Task item :: Among the lines below, copy exactly those from the one with "Organizador de plástico" through the one with "O documento descreve", counting both ends.

Provided information ::
- - -

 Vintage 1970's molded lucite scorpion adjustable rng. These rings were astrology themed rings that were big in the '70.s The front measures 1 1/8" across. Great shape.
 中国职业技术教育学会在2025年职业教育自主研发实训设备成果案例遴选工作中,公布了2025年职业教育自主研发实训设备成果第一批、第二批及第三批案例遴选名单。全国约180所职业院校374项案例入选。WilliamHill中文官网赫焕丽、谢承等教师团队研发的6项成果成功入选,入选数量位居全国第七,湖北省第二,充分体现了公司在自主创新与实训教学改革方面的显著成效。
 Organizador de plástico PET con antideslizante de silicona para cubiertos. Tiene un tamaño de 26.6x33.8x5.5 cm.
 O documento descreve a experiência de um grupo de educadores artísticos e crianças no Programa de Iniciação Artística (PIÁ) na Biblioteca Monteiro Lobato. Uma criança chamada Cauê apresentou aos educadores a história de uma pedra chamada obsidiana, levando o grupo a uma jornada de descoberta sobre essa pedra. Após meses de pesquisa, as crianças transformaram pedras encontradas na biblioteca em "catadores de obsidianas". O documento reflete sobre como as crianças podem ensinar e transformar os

- - -

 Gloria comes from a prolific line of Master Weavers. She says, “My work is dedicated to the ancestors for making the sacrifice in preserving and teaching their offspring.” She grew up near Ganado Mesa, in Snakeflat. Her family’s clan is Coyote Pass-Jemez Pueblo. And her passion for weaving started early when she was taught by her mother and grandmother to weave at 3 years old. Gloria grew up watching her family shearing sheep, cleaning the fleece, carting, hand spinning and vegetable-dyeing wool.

- - -

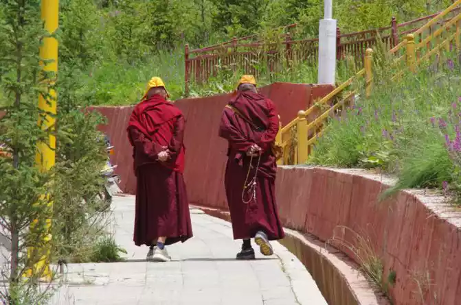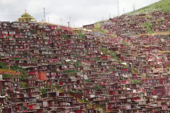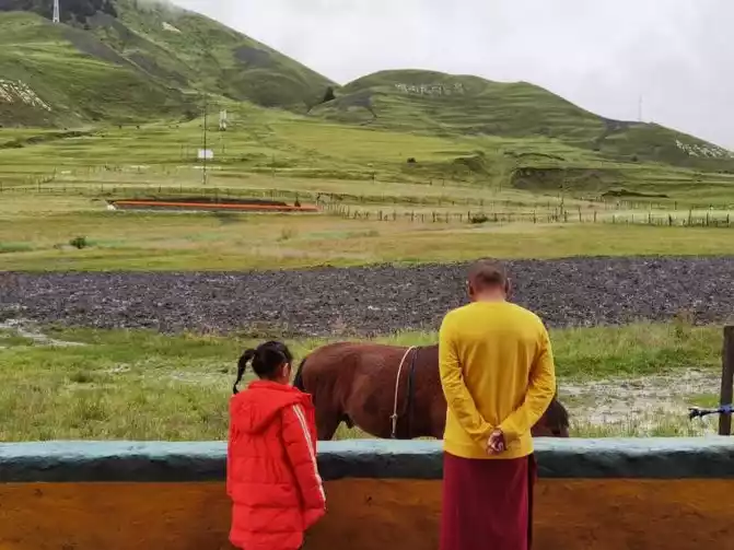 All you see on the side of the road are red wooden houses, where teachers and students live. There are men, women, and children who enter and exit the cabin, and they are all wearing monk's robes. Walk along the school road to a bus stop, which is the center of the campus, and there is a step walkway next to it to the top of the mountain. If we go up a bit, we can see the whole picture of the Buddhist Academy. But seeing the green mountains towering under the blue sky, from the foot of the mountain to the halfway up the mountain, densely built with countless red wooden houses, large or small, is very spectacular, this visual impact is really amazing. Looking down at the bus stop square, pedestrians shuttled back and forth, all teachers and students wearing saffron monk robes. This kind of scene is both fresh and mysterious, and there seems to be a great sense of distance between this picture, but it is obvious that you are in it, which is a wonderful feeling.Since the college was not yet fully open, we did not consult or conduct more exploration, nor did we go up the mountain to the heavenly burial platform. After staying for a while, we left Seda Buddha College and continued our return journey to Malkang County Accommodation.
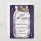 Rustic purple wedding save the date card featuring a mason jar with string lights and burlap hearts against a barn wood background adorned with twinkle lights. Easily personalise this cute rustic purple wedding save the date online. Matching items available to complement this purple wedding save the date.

- - -

Answer box ::
 Organizador de plástico PET con antideslizante de silicona para cubiertos. Tiene un tamaño de 26.6x33.8x5.5 cm.
 O documento descreve a experiência de um grupo de educadores artísticos e crianças no Programa de Iniciação Artística (PIÁ) na Biblioteca Monteiro Lobato. Uma criança chamada Cauê apresentou aos educadores a história de uma pedra chamada obsidiana, levando o grupo a uma jornada de descoberta sobre essa pedra. Após meses de pesquisa, as crianças transformaram pedras encontradas na biblioteca em "catadores de obsidianas". O documento reflete sobre como as crianças podem ensinar e transformar os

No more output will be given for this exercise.